During these years Napier began a voluminous and indefatigable correspondence with the Admiralty on the urgency for naval reform, which lasted for the rest of his career. He sought to persuade successive civil administrations of the need for innovative ship-design and tactics, the development of steam ships and the use of iron in ship construction, the proper training of officers, and decent living conditions for ordinary seamen. He held that the use of the press gang and of flogging should be abolished, and that seamen should receive proper wages and pensions. In all this he was far ahead of his time. His advocacy had little effect: on the contrary, successive administrators considered him an eccentric nuisance. He had been interested in steam navigation since its beginnings, and began investing his considerable resources in a steam vessel service that would ply along the River Seine. In 1821 he financed and participated in the construction of one of the first iron-hulled vessels ever built, and the first designed to venture into open water. The Aaron Manby was named after the master of the Horseley Ironworks, Tipton, Staffordshire, where she was pre-fabricated to a design formulated by Napier, Manby and Manby’s son Charles and then assembled at Rotherhithe on the Thames.

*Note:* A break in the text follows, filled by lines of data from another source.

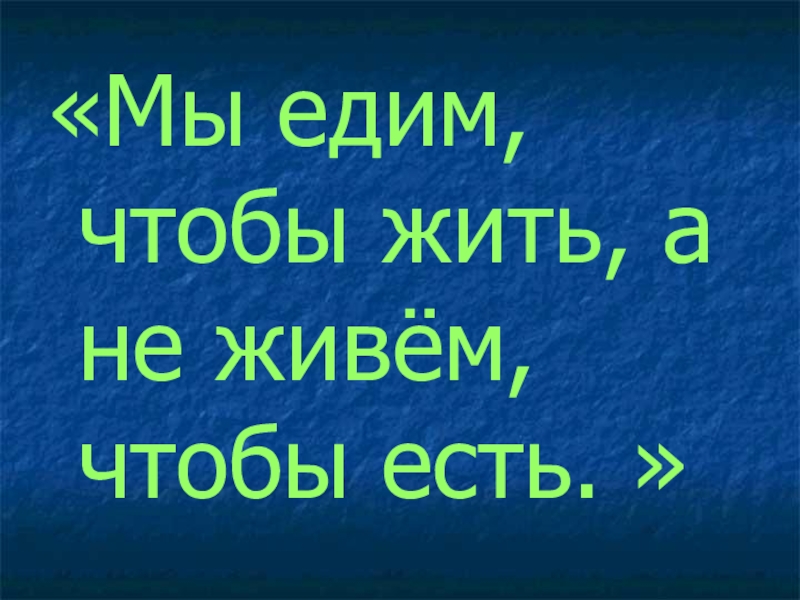 Слайд 12«Мы едим, чтобы жить, а не живём, чтобы есть. »
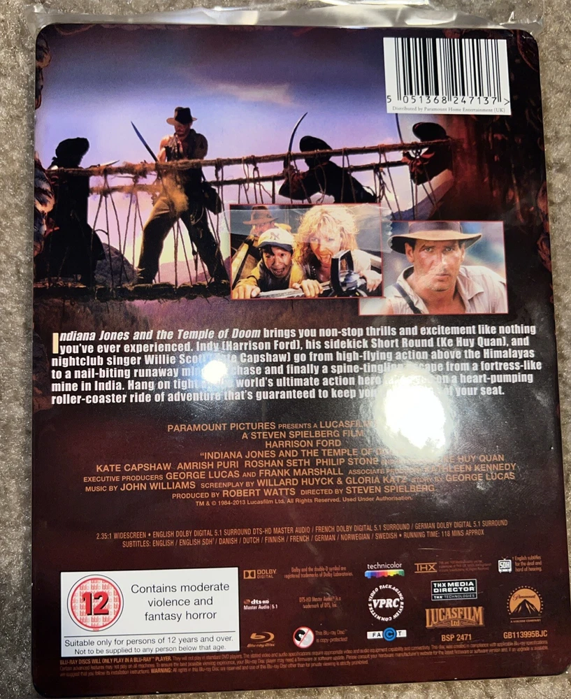 Genre: Action, Adventure Edition: Limited Edition, Steelbook Actor: Harrison Ford Country/Region of Manufacture: United Kingdom Movie/TV Title: Indiana Jobes And The Temple Of Doom Format: Blu-ray UPC: 5051368247137 Type: Movie gtin13: 5051368247137
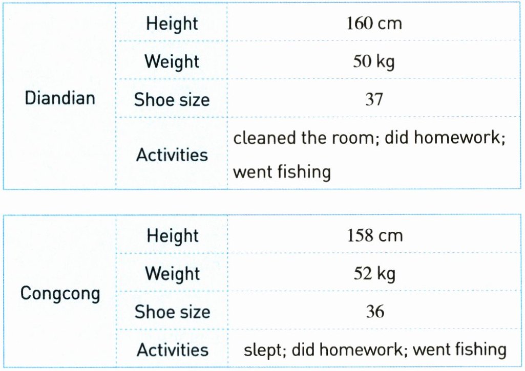 Diandian and Congcong are good friends. Diandian is taller than Congcong. But Congcong is heavier than Diandian. Diandian's shoes are bigger than Congcong's. Last weekend, Diandian and Congcong went fishing together after they did their homework in the morning. Diandian cleaned the room, but Congcong slept in the afternoon.

After trials in May 1822, the Aaron Manby crossed the English Channel to Le Havre under Napier’s command on 10 June 1822, and proceeded up the Seine to Paris, where she caused a great stir and where she was based for the next decade. This has been claimed as the first passage from France to Britain by steam ship, which it was not: but it was the first direct passage from London to Paris by steam ship and the first seagoing voyage by an iron ship anywhere. Napier’s company built five similar steamships but in 1827 he went bankrupt, leaving the family in severe financial difficulty. (Sold off, the ships gave 30 years further service.)